Figure 5. lncRNA LINC01194 knockdown inhibits HCC cell migration and invasion via miR-655-3p. (a) CCK-8 assay was performed to check Huh-7 cell growth. (b-d) Determination of cyclin D1 and MMP9 levels using Western blotting and RT-qPCR analysis, respectively. (e-h) Migrated and invaded Huh-7 cells were analyzed using a transwell assay. **P < 0.01 vs. control siRNA; ^##P < 0.01 vs. LINC0119-siRNA + control inhibitor.

Figure 6. lncRNA LINC01194 knockdown promotes HCC cell apoptosis by regulating miR-655-3p. (a and b) Flow cytometry analysis of apoptotic Huh-7 cells. (c) Western blotting analysis of apoptosis-related proteins Bax and Bcl-2 levels. (d) Semi-quantitative analysis of Bax, Bcl-2, and Bcl-2/Bax expression. **P < 0.01 vs. control siRNA; ^##P < 0.01 vs. LINC0119-siRNA + control inhibitor.

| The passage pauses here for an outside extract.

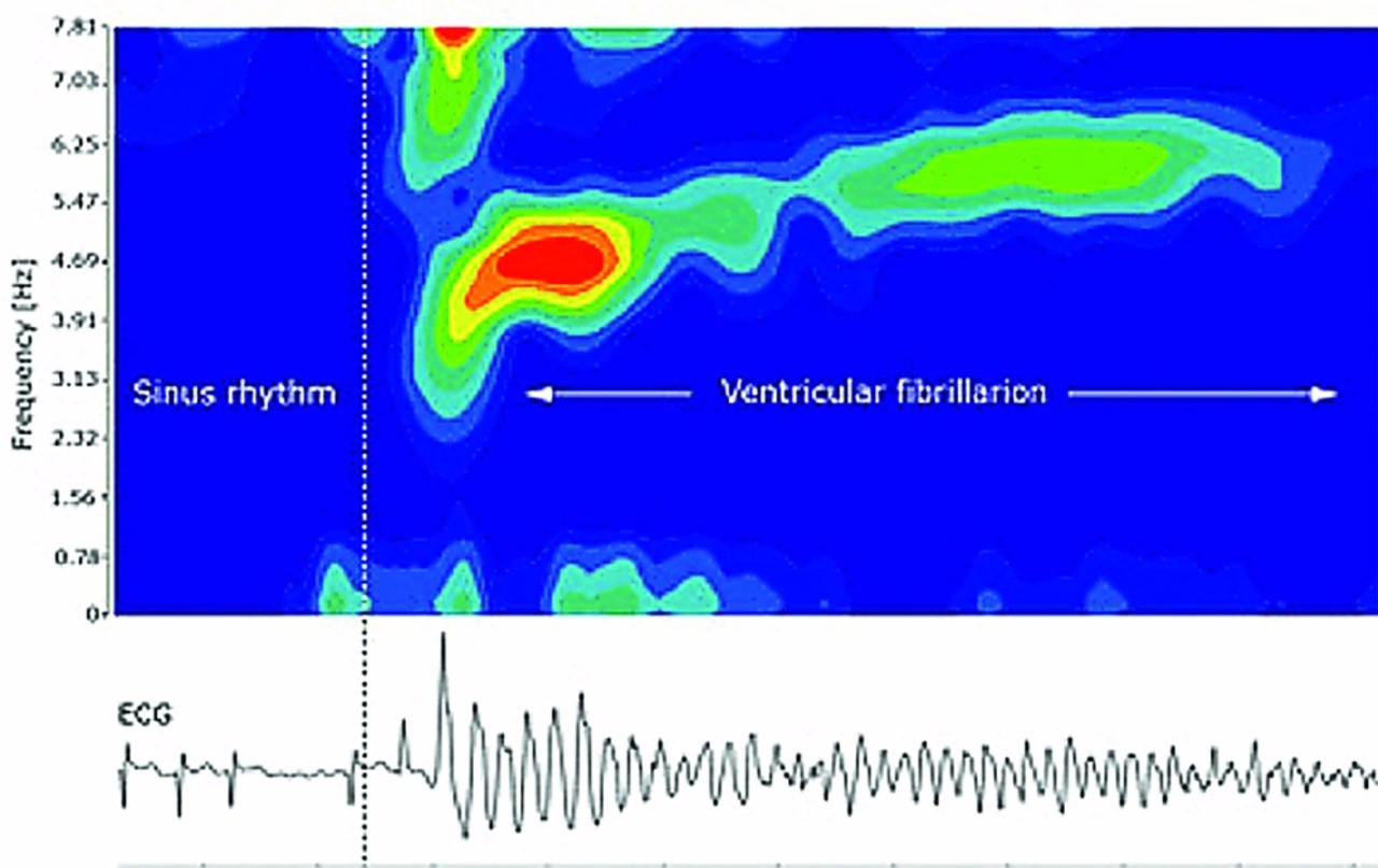 Zum Schluss wird auf Kammerflimmern oder -flattern getestet. Die Erkennung von Kammerflimmern stützt sich nicht auf QRS-Erkennungsergebnisse, da bei Kammerflimmern keine QRS-Komplexe vorhanden sind. Stattdessen führt die Rechenvorschrift mithilfe der Signal Processing Toolbox eine Kurzzeit-Fourier-Transformation mit einem sich bewegenden Fenster durch. Dabei wird auf Frequenzspitzen oberhalb 2 Hz geprüft, die ein Anzeichen für Kammerflimmern oder -flattern sind (Bild 4).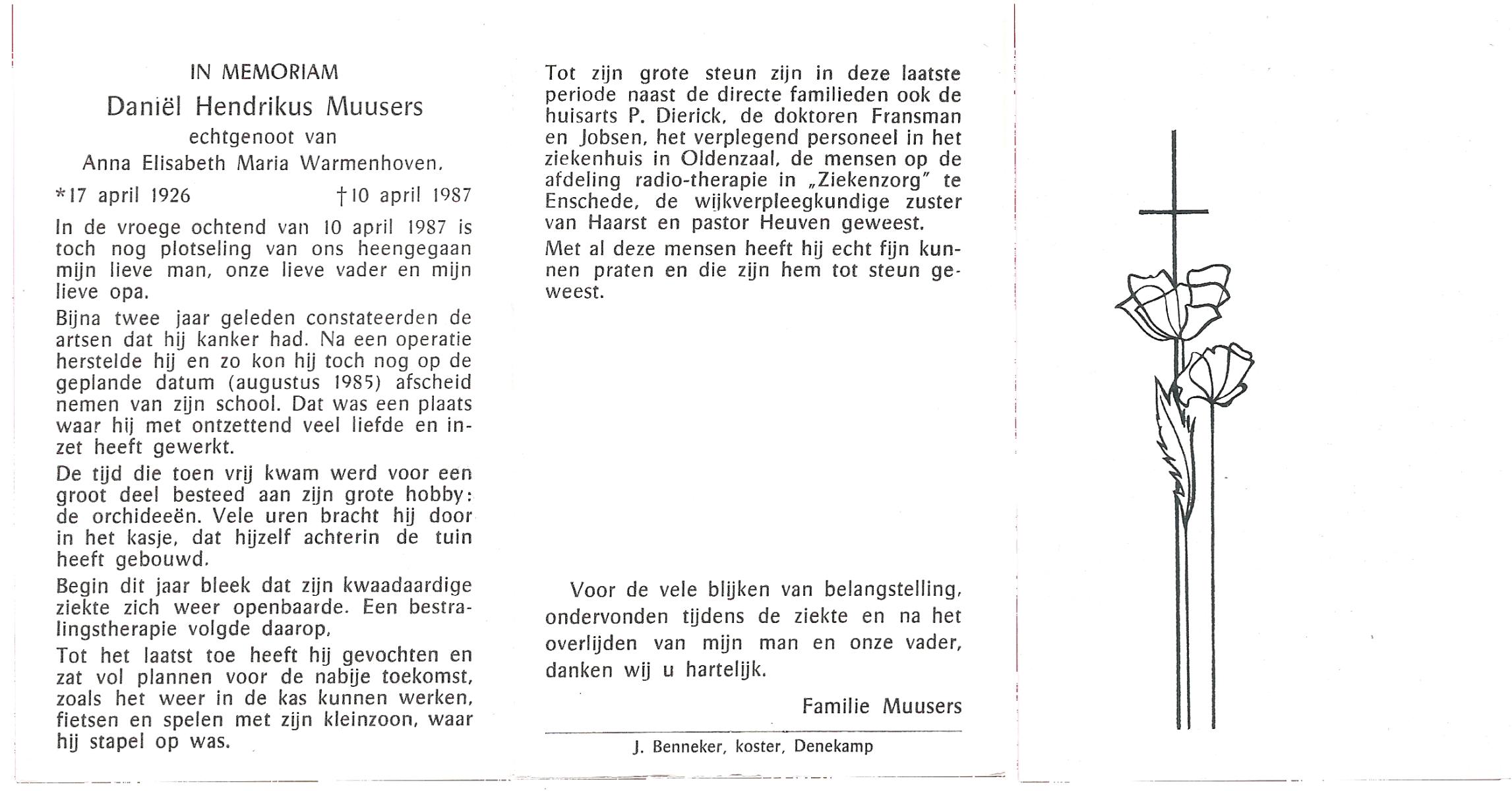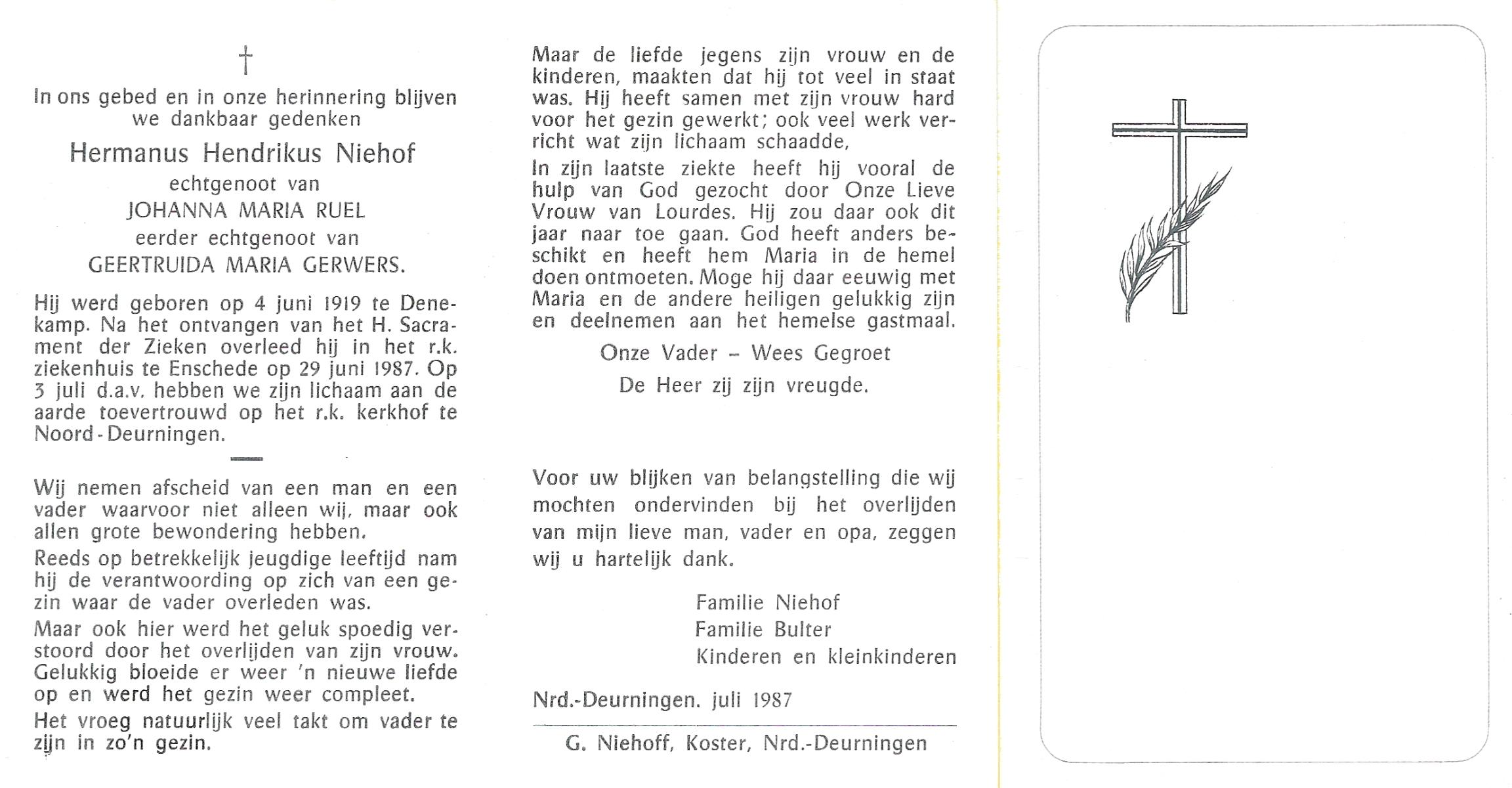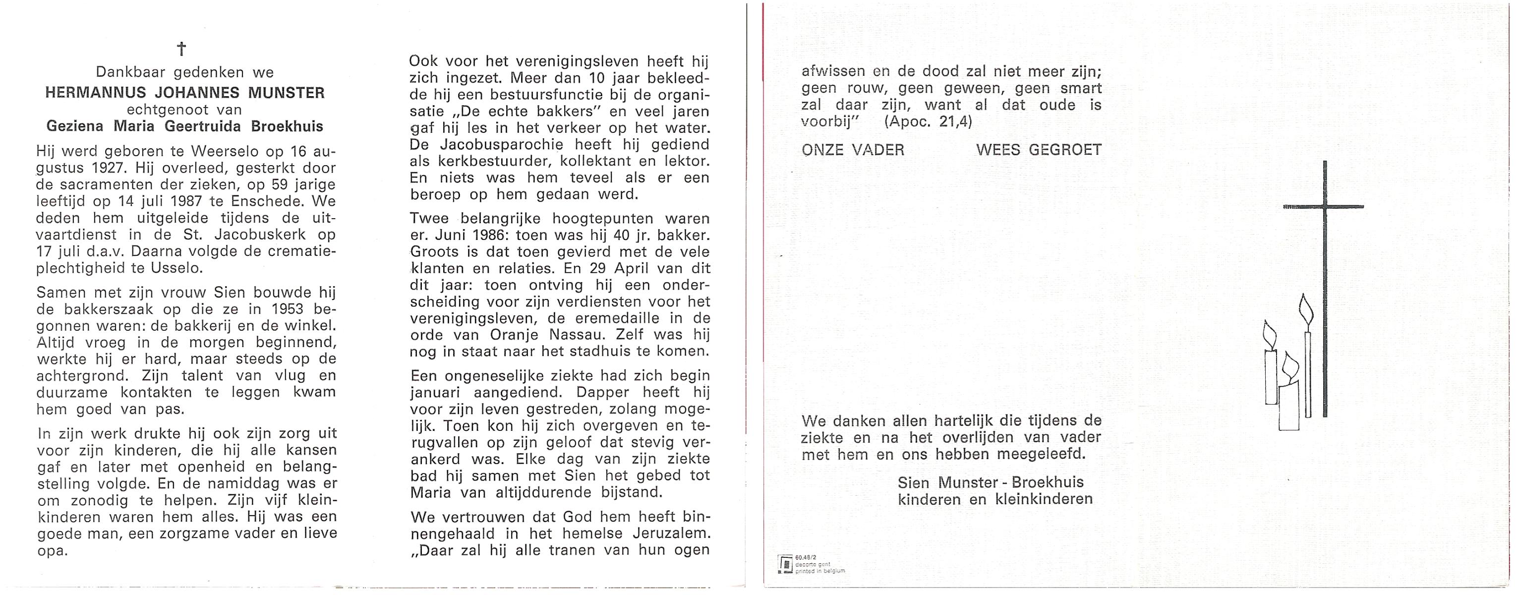 MUNSTER, Hermannus Johannes, geboren op 16-8-1927 te Weerselo, overleden op 14-7-1987 te Enschede op 59-jarige leeftijd, gecremeerd op 17-7-1987 te Usselo.

Figure 7. miR-655-3p negatively targets SMAD5 in Huh-7 cells. (a) TargetScan software predicted the miR-655-3p on SMAD5 3ʹUTR. (b) A dual-luciferase reporter gene assay was conducted to verify the binding sites between miR-655-3p and SMAD5. (c) miR-655-3p mimic efficiency was verified using RT-qPCR assay. (d and e) SMAD5 expression was evaluated using RT-qPCR and Western blotting in miR-655-3p overexpression Huh-7 cells. (f and g) RT-qPCR and Western blotting analysis of SMAD5 level in miR-655-3p inhibitor transfected Huh-7 cells. **P < 0.01 vs. mimic control; ^##P < 0.01 vs. control inhibitor.